Run Gemini CLI and press ctrl+t
You should see `MCP-YouTube-Transcribe` listed as an available tool.
### MCP Client Example
You can interact with the server using any client that supports the MCP protocol over stdio. The server exposes one
primary tool: `get_youtube_transcript`.
Here is an example of a `call_tool` request to get a transcript for the query "What is an API? by MuleSoft".
**Request:**
```json
{
"jsonrpc": "2.0",
"id": 1,
"method": "call_tool",
"params": {
"name": "get_youtube_transcript",
"arguments": {
"query": "What is an API? by MuleSoft",
"force_whisper": false
}
}
}
```
* `query`: The search term for the YouTube video.
* `force_whisper`: (Optional) A boolean that, if `true`, skips the check for an official transcript and generates one
directly with Whisper.
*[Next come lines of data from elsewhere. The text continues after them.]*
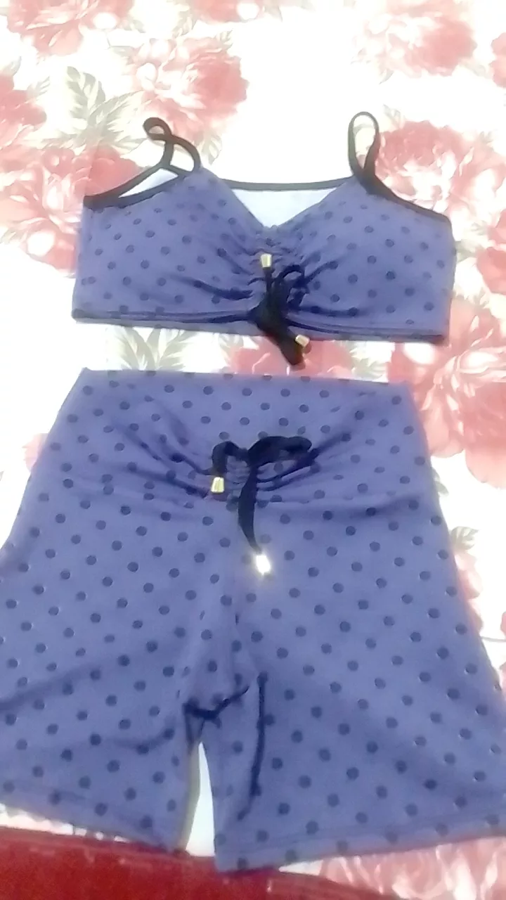 Compre agora o conjunto de short com cordinha e top com bojo para academia na loja online Raryel. Aproveite nossos preços baixos, promoções e descontos exclusivos!
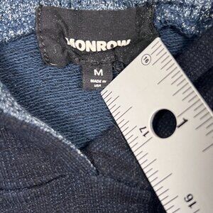 MONROW super soft long-sleeve thermal material cropped hoodie. Relaxed, stretchy fit. Raw edge bottom and heather blue lined hood and cuffs.
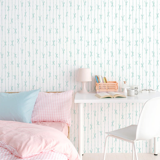 はがせる壁紙 のりなしタイプ What's poppin? リボンストライプ ナチュラル (49cm×3mサイズ) ミント
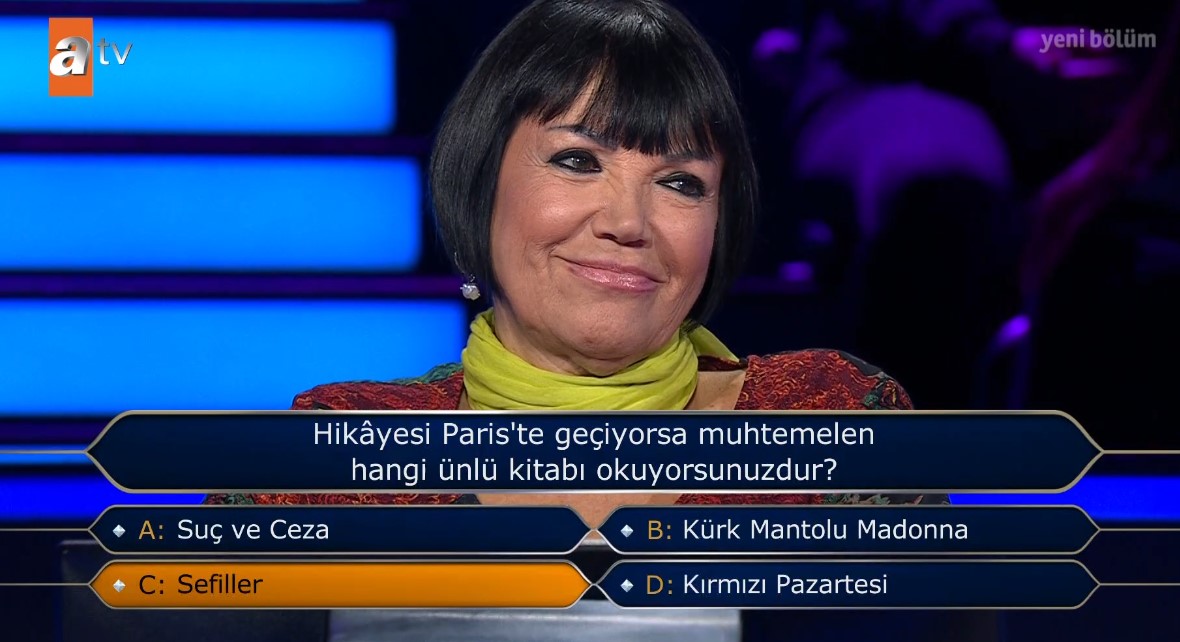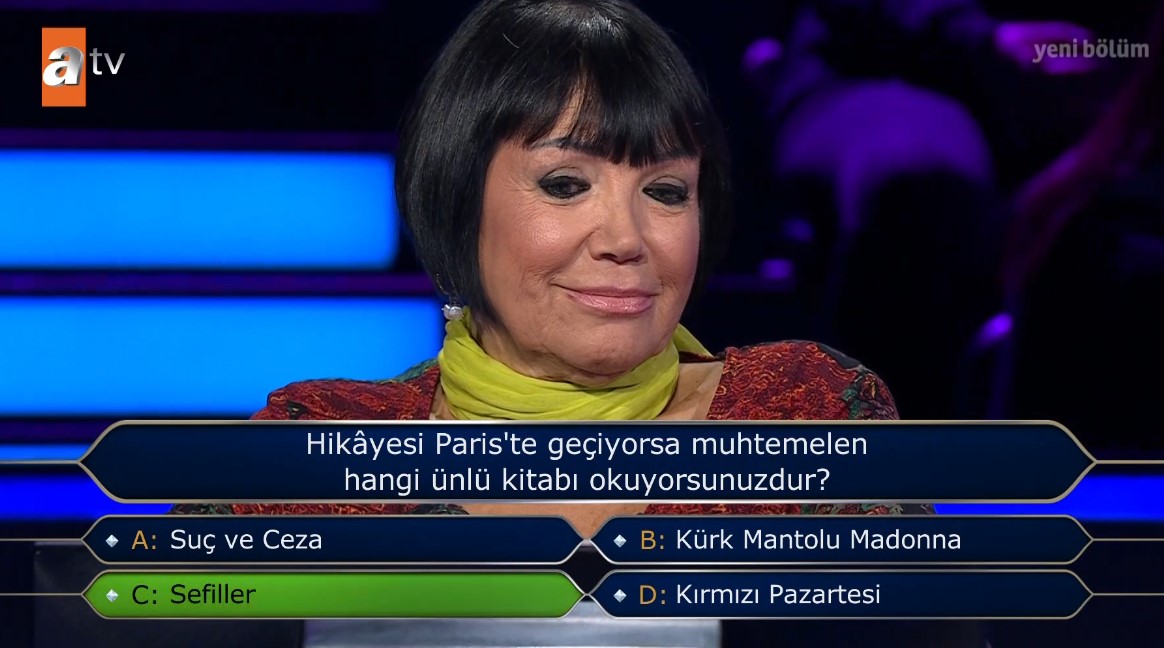 A ve D şıkkı arasında kaldığını söyleyen yarışmacı o soruda düşündü ve son olarak çekildi. Yarışmacı Kapıcı, cevap verecek olsaydı "D-Platini" şıkkını söyleyeceğini belirtti.

Defaults to `false`.
## Testing
This project includes a test suite to verify its functionality.
* **Core Function Test (`simple.py`):** This script tests the server's handler functions directly without needing to run
a separate server process. It's the quickest way to check if the core logic is working.
```bash
python simple.py
```
* **Full Server Test (`test_mcp.py`):** This script starts the MCP server as a subprocess and sends it live JSON-RPC
requests, providing an end-to-end test of the server's functionality.
```bash
python test_mcp.py
```
## Configuration
* **Logging:** Server activity is logged to `mcp_server.log`.
* **Audio Cache:** When Whisper is used, downloaded audio files are temporarily stored in `testing/audio_cache/`. You
may wish to change this path in `youtube_tool.py` for a production environment.
## Contributing
Contributions are welcome! If you'd like to improve the YouTube Transcriber, please feel free to fork the repository and
submit a pull request.
Please read our `CONTRIBUTING.md` for details on our code of conduct and the process for submitting pull requests to us.
## License
This project is licensed under the MIT License - see the `LICENSE` file for details.